The biggest news overnight perhaps is commodities, which threatens to prolong the inflation narrative. Oil prices are up 3-4%, with Brent at $114.23. A shortage of refinery capacity has also seen refined products surge by more than what the oil price would imply with US gasoline futures above $4 a gallon for the first time ever. Since the beginning of the year US gasoline futures are up 80.2% compared to WTI of 51.6%. Record US gasoline prices ahead of the summer driving season will add to the squeeze on the consumer as well as adding to transport costs. Expectations that Chinese demand is set to recover as restrictions ease is also likely a factor. Germany also noted it plans to stop importing Russian crude by the end of the year even if the EU fails to agree on coordinated action.

The other commodity worth watching closely is Wheat which surged 12% last night in Chicago continue to surge, with another gain of 5.9% after India moved to restrict exports. Prices are now up 61.9% since the beginning of the year can only add to the pressures on global food inflation for the rest of the year and into next year. The impact on emerging markets is likely to be more acute given many are food importers, a point illustrated by the BoE Governor Bailley overnight who said “that’s not just a major worry for this country, but a worry for the developing world. I’m sorry for being apocalyptic, but it is a worry.” . How central banks deal with inflation that is clearly not under their control is uncertain, the current wisdom is to normalise policy to ensure inflation expectations do not become inconsistent with the inflation target.

Coming up today:

The RBA Minutes is the focal point this morning. Offshore the focus will be on UK Employment and US Retail Sales to see what impact recent tightening and the real income squeeze is having on activity. There are also six US Fed speakers, including Chair Powell. Details below:

  • AU: RBA Minutes: The main interest of the Minutes is whether they give any insight into the appetite of the RBA to do a supersized 40-50bp hike.

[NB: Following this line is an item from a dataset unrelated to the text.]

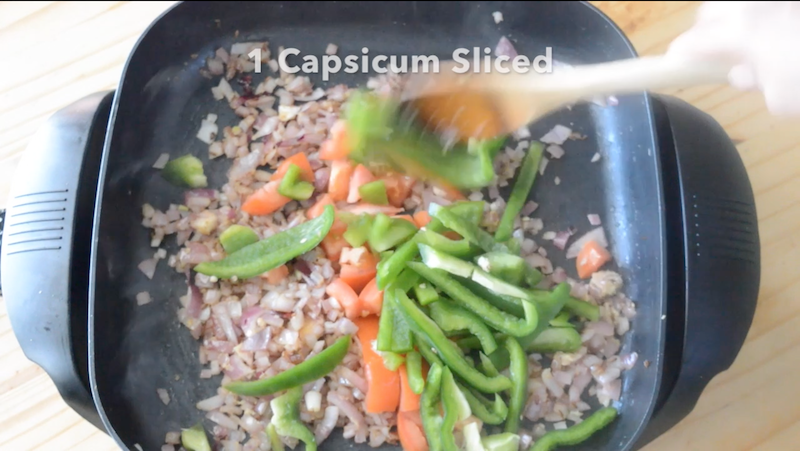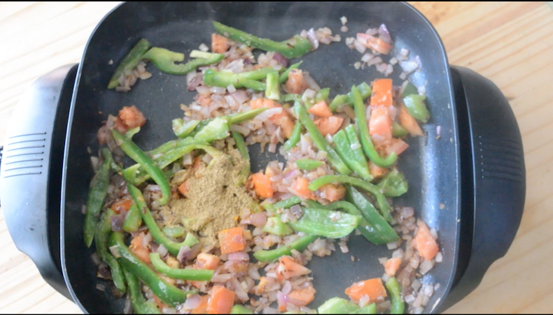 - Then, add tomato and capsicum slices to the pan. Add turmeric powder, coriander powder and saute the tomato & capsicum for couple of minutes.

Governor Lowe in his post-Meeting press conference indicated a preference for 25bp increments, described as “business as usual”. The pace of the hike cycle is also under focus, but it is unclear whether there will be any further information on top of what Governor Lowe has said about 2.50% being reasonable.
  • EZ: Employment and a second read on GDP: No consensus available for employment, a while a second read on Q1 GDP is expected to be unrevised at 0.2% q/q. ECB President Lagarde also speaks.
  • UK: Employment & BoE’s Cunliffe: Focus is on both employment and earnings amid the sizeable real income squeeze. For wages the consensus is 4.1% y/y for earnings excluding bonus, along with a 51k gain in payroll jobs. The BoE’s Cunliffe speaks, but this is likely to be more on regulation given he is speaking to the Future of Everything Festival on ‘Money, markets and regulation’.
  • US: Retail Sales/Industrial Production & Fed Speak: Core retail sales control group is expected to rise 0.8% m/m after last month’s -0.1%. Any downside miss would heightened concerns of the economy slowing more than expected amid the real income squeeze and a tightening in financial conditions. Earnings for retailers will also be watched closely with Walmart and Home Depot reporting. There is lots of Fed speak with six Fed speakers, including Chair Powell who is being interviewed by the WSJ journal. Powell is likely to re-iterate similar wording to his interview of last week where he took a hawkish line, taking some sugar coating off a soft landing:  “whether we can execute a soft landing or not, it may actually depend on factors that we don’t control” (see Powell: interview transcript with Marketplace ).